Monday, February 09, 2015

Potty

You'd think that there are some things so iconic, so distinctive, so rich in historical flavour that a national or  city museum would just have to get their hands on them, wouldn't you? Milan Mrkusich’s house in Remuera  would have to be one of them, Colin McCahon’s library should have been another, and that easel Rita Angus always used. How could you pass up a draft of Wystan Curnow’s essay High culture in a small province, or Theo Schoon's notes and sketches on South Island cave drawings? Some of these have been protected while others have already slipped into private hands. What’s are the odds on anyone discussing with the Mrkusich family the long-term future of the house Mrkusich designed and lived in for so many decades? Low. 

This rant comes to you courtesy of us seeing one of these icons when we were in Auckland last week. The people we were with mentioned they had recently purchased something very cool at an Art + Object auction. Then they showed it to us. And, we kid you not, it was Len Castle’s Pottery notes sub-titled Len Castle's Mixtures. We're talking about the recipes he used to glaze his ceramics and drawings for constructing kilns. We're  no experts, so have no idea how much of his working life it covers, but even as a sample it is a truly wonderful thing. 

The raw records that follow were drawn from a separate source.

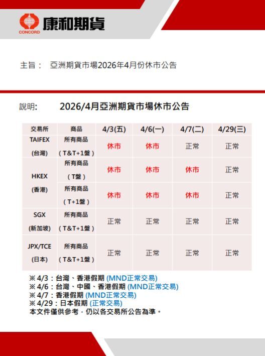 亞洲期貨市場2026年4月份休市公告 04/03(五):台灣、香港休市 04/06(一):台灣、香港休市 04/07(二):香港休市 資料來源:https://www.concordfutures.c...
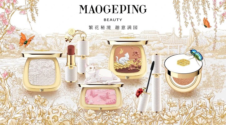 这一点,在品牌联名合作的选择上,也可以看到毛戈平美妆的坚持。它作为唯一与故宫文创签署长期深度合作的美妆品牌,自2019年起,每年推出“气蕴东方”限定系列,到今年七月已经推出了五季。第五季的灵感来源于故宫藏品“雍正款粉彩桃蝶图天球瓶”与《清宫兽谱》中洁白灵巧的御猫。
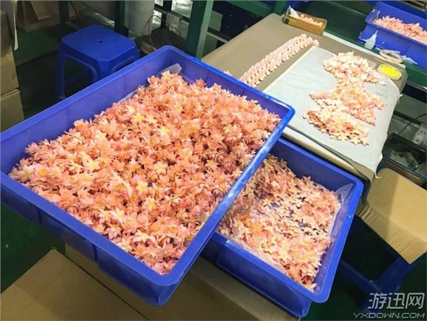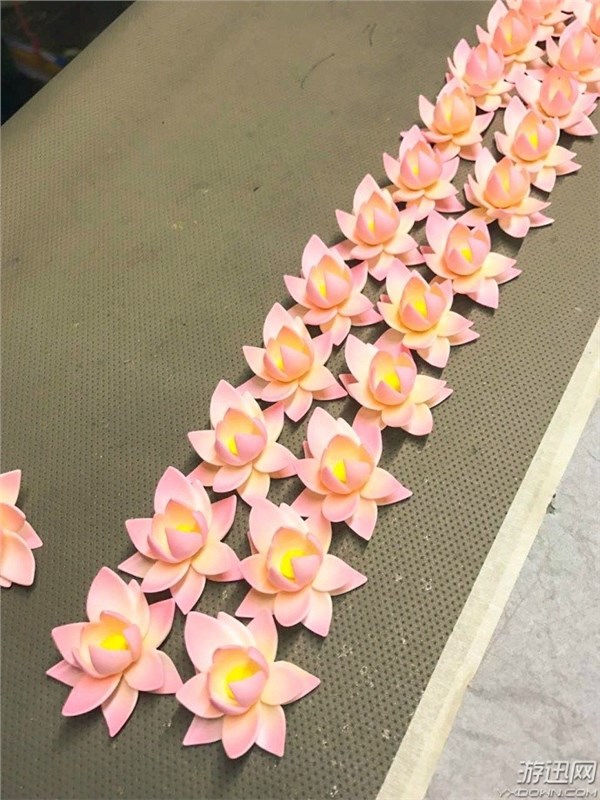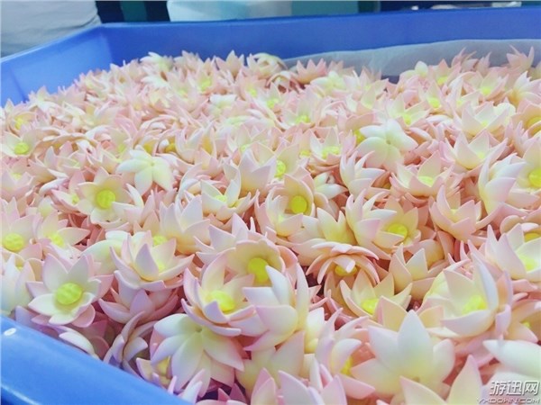 目前的赵灵儿手办正在全力投入量产,部分的配件已经完成了上色的工序,正在进行组装,可以看到大量的荷花零件,就是在手办底座上出现的那几朵,看起来粉粉嫩嫩的颜色,和之前官方公布的图片上的样子基本一致。
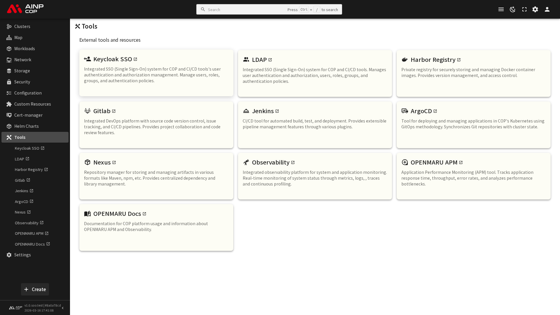 COP Console의 도구(Tools) 메뉴는 외부 도구 및 리소스에 대한 빠른 접근을 제공합니다. DevOps 파이프라인에서 사용하는 다양한 플랫폼(GitLab, Jenkins, Harbor, ArgoCD 등)의 웹 UI로 Console에서 바로 이동할 수 있습니다.
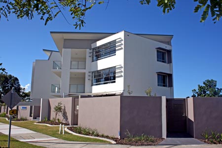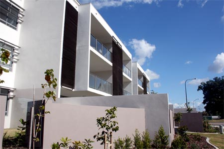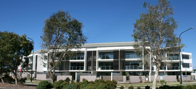 A staged apartment development at Pelican Waters Sunshine Coast. The development is set within an integrated landscaped environment with BBQ area, lap and resort pools and delightful outdoor spaces.

How is it even possible that this little notebook with its handwritten and hand-drawn contents is not part of an Auckland institution’s collection? The same couple also picked up (and at an very reasonable price) some of Castle’s library of books on ceramics as well as (maybe best of all) a couple of boxes of stones and mineral samples that had offered Castle inspiration and information. OK, the institutions can’t collect everything. But Len Castle’s Pottery notes? Surely some mistake.